Gatlinburg is a popular mountain vacation resort city, surrounded on all sides by high ridges. Officially established around 1856, the town is named after Radford Gatlin who had started a general store there in 1854, however there were trappers who had called the site home since the early 1800's.  Radford Gatlin was a controversial figure in town who was at odds with many of his neighbors. When the civil war broke out his confederate leanings got him kicked out of town.  Gatlinburg tried to remain neutral during the war, but Confederate Colonel William Holland Thomas would occupy the town for a time, protecting the salt peter mines nearby.  Union forces forced Thomas and his troops to retreat back in North Carolina, and they never returned.

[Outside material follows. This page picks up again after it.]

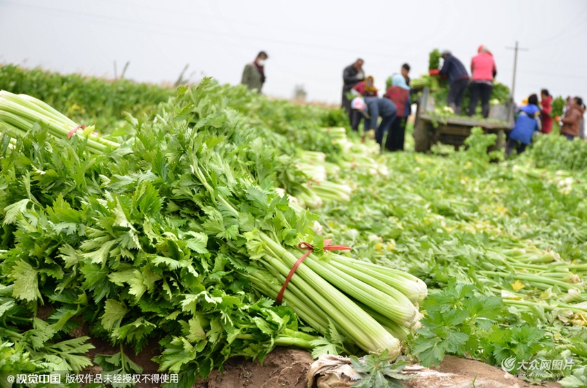 2015年11月5日,山東濱州,陽信縣商店鎮(zhèn)菜農在收割芹菜。今年,素有“西芹種植之鄉(xiāng)”美譽的的山東省濱州市陽信縣商店鎮(zhèn)芹菜豐收卻大量滯銷,芹菜價格更是從2013年的1.3元/斤降到如今的1毛5一斤,即便如此仍無人問津,菜農一畝地要賠兩三千元。在當?shù)孛襟w的報道關注下,不少愛心企業(yè)紛紛開啟芹菜收購,助農解憂。

Gatlinburg, TN from the bypass
We knew we still had to get past the traffic at Pigeon Forge, so after a quick picture from the bypass overseeing Gatlinburg, we made our final trek back to my Aunt and Uncles in Sevierville.  Kathy would call this day somewhat of a bust as far as our travel mission, but considering the views and history we did encounter, I was very satisfied with the days journey.  Most normal travelers would be well served to spend several days around the Great Smoky Mountains National Park as there is plenty to see and do.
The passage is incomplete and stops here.